Drücke mich vielleicht ein wenig umständlcih aus, aber mein Wunsch wäre es, mehr im Alltag für den Erwerb von Selbstachtung, Selbstbestimmtheit, Eigenverantwortung, geistige Tiefe, Selbst- und Fremdwahrnehmung und deren Mechanismen, Reflexionsfähigkeit, Erfolgserlebnissen, Freude an sich selbst und all dem andren zu sorgen, woran es späteren Suchties oft ja von Haus aus mangelt (zumindst waren das bei mir und vielen, die ich in den Gruppen treffe die Faktoren, die die Entwicklung der Sucht begünstigten).

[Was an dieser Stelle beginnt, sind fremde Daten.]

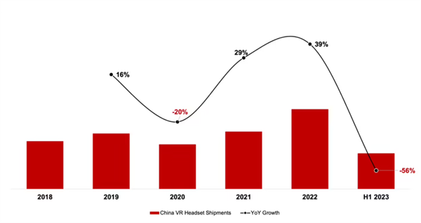 - 10 月 12 日消息,根據市場調查機構 Counterpoint Research 公布的最新統計報告,2023 年上半年我國 VR 頭顯設備出貨量大幅下降 56%,結束了 2021-2022 年的連續兩年增

"Selbsterfahrung" und "Persönlichkeitseintwicklung" als altersgerechte Inhalte bereits in den Kindergärten und Schulen zu vermitteln - das wär meiner Meinung nach mal ne gute Alternative zum herkömmlichen Ethik- oder Religionsunterricht o.ä.? Das kann mit so scheinbar einfachen Sachen wie "wie gehts mir heute", "wie fühlt sich mein Körper an" "was macht mich glücklich"und dem Lernen, das zu benennen, anfangen. Und es hört bei ethisch-philosophischen Themen noch lang nicht auf.

Denn eine reife, mündige, starke Persönlichkeit zu entwickeln, die nicht an sich selbst und ihrem Verhalten leiden muss, das ist glaub ich immer noch ist die beste Prävention.

Es ist nur leider ein zu hehres Ziel, das verwirklicht und gelebt wissen zu wollen.

Doch ich finde, es wird auch zu wenig bzw. das Falsche versucht, dieses Ziel zu erreichen.

IngMarie.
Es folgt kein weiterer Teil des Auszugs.